Le scandale avec les « Grafittis du Maidan » : la destruction de la mémoire historique en Ukraine

Le 10 février 2014, à l’époque des affrontements entre les manifestants et les forces de l’ordre dans la rue Hrouchevskogo à Kiev, un peintre dont le peudonyme est « Sociopate», a dessiné sur les murs de l’Institut de la langue ukrainienne des grafittis qui représentaient Taras Chevtchenko, Lessia Ukrainka et Ivan Franko, des écrivains et artistes célèbres des 18-19 siècles, portant des cagoules. Comme le bâtiment se trouve dans la rue Hrouchevskogo, ces grafittis sont devenus très vite un des symboles de la révolution.
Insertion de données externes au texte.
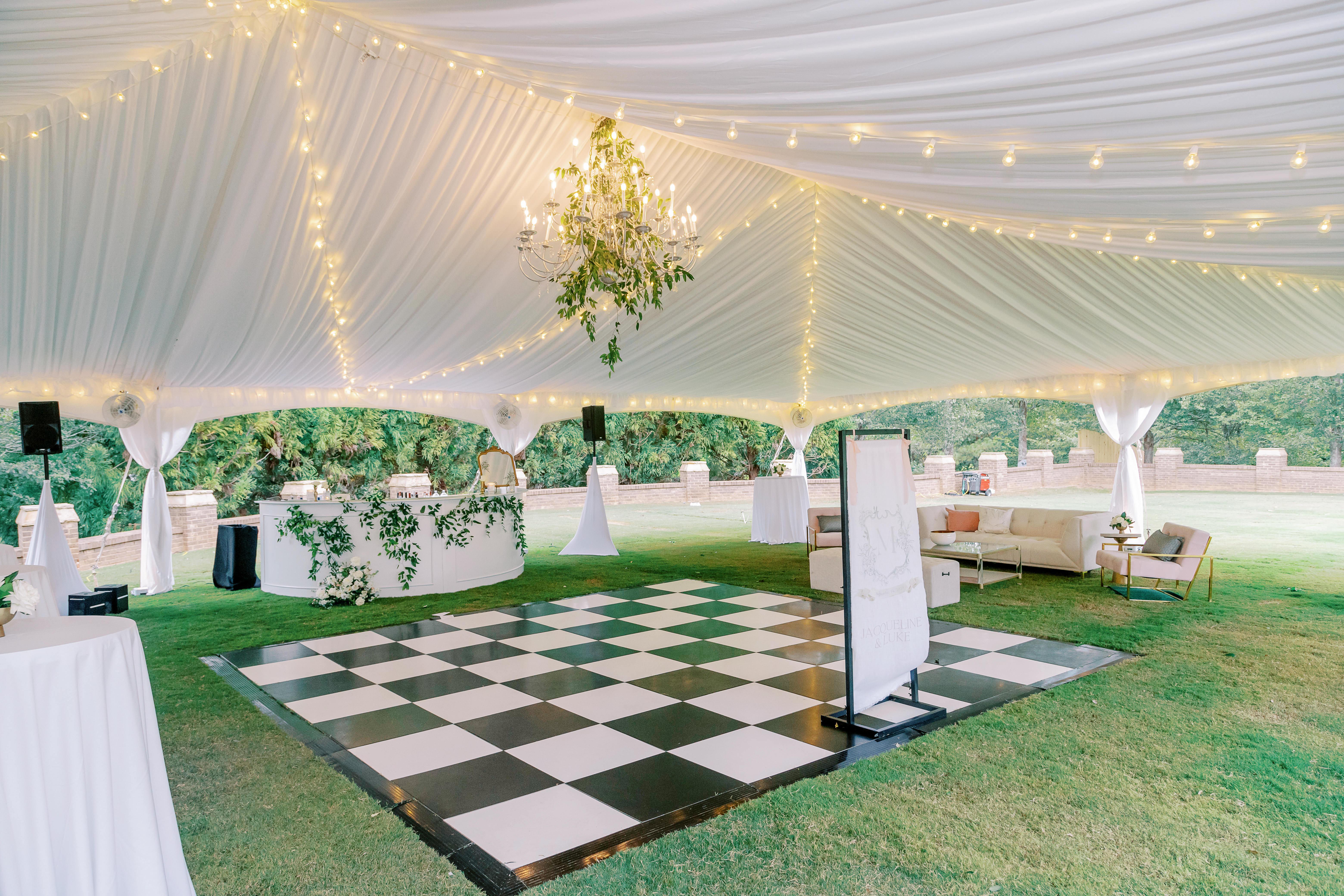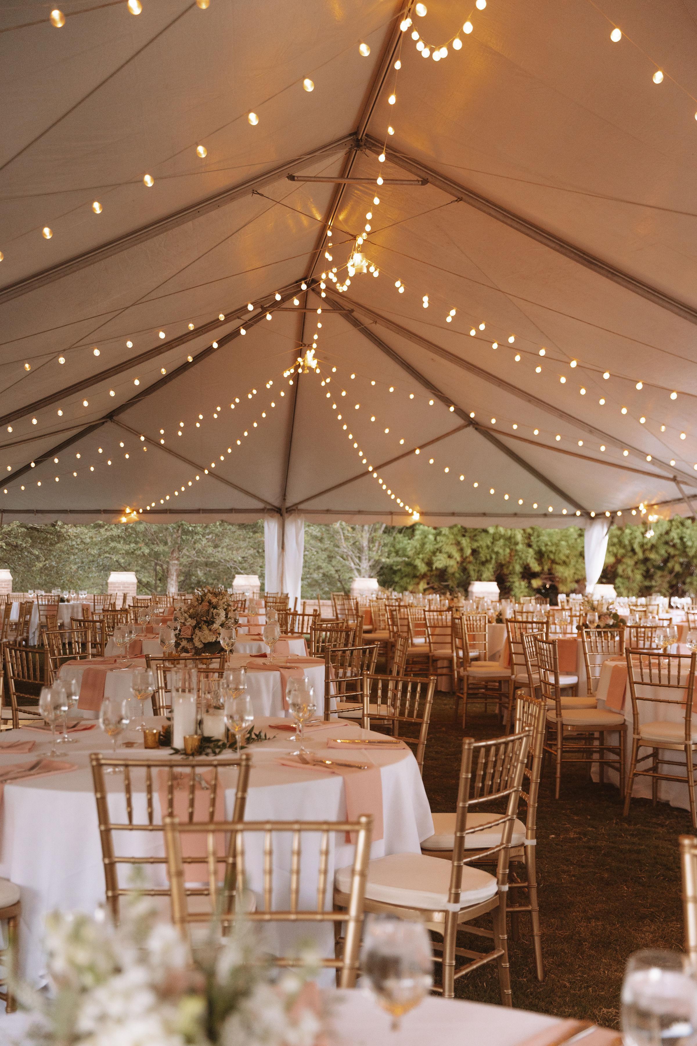 The grand event lawn is perfect for outdoor ceremonies, cocktail hours or large wedding receptions. With a beautiful tent rental surrounded by white drapery, the event lawn is perfect for large wedding receptions.

Le 2 septembre 2017, une journaliste, Tetyana Vysotska, a écrit sur sa page Facebook que les grafittis avaient disparu du mur de l’Institut, dont le rez-de-chaussée est louée par un magasin de meubles de luxe « Emporium ». Elle a ajouté une photo et une vidéo montrant Igor Dotsenko, le propriétaire du magasin, en train de diriger un ouvrier qui recouvre les grafittis de peinture.

Tout d’abord, Dotsenko a commenté cet événement sur sa page Facebook de la manière suivante : « Il ne faut pas élever le pochoir au rang d’art. C’est un art de rue typique qui, de temps en temps, est nettoyé par les services publics. Alors, calmez-vous et ne soulevez pas une tempête dans un verre d’eau». Cependant, après la réaction très négative de la société (le 3 septembre, les activistes se sont ressemblés devant le magasin, ont brisé des vitres et laissé des inscriptions : « Le Maidan était ici et il restera ici », «Tu n’effaceras pas ça », «Ne le refais plus jamais »), Dotsenko a changé radicalement son point de vue et a commencé à prétendre qu’il n’avait rien à voir avec l’effacement des grafittis. Il a même essayé de se faire passer pour une victime de vandales. « Chers amis, le salon «Emporium » est fermé. En dépit du fait que nous avons passé trois ans à veiller sur les graffitis, nous sommes devenus les otages des provocateurs qui ont effacé ces grafittis et commis un acte de vandalisme », a-t-il déclaré.

Actuellement, on sait que Dotsenko n’avait aucun droit de repeindre les grafittis : le magasin «Emporium » ne loue que la partie intérieure du bâtiment de l’Institut de la langue ukrainienne, donc il n’avait aucun droit de changer la façade du bâtiment. Les représentants de l’Institut assurent que le contrat de location ne contient aucune clause sur l’apparence du bâtiment. «L’institut du patrimoine culturel devrait faire signer des contrats précisant ce que l’on peut faire et ce que l’on ne peut pas faire. Mais la loi précise que même si aucun contrat n’a été signé, cela ne dispense pas le propriétaire ou le locataire de porter la responsabilité pour les dommages ou la destruction des monuments », a expliqué Tymour Bobrovsky, membre du Conseil international de la protection des monuments et des lieux culturels.

L’auteur des graffitis originaux a déclaré qu’il était prêt à refaire ou à restaurer ses dessins mais à condition qu’il en obtienne le droit légal. « Pour le moment, seuls les Ukrainiens ordinaires ont fait appel à moi pour restaurer les dessins. Aucun représentant de l’État ne l’a fait. J’espère que vous comprenez bien qu’une restauration non autorisée n’est pas possible dans cette situation. Mais je vous promets à vous tous que je vais restaurer la Trilogie, une fois que la situation sera réglée », a-t-il écrit sur sa page Facebook.

Actuellement, nul ne sait ce qui va arriver aux grafittis, mais aussi au bâtiment dans lequel se trouve  le magasin. Le musée national de la Révolution de la dignité veut récupérer ce local pour y installer une exposition, mais la direction de l’Institut déclare qu’elle ne le louera plus.

Le Bureau du Procureur de la ville de Kyiv a déjà engagé une poursuite pénale pour destruction de monument. Les coupables encourent une amende de 2550 hryvnias ou jusqu’à 3 ans de prison.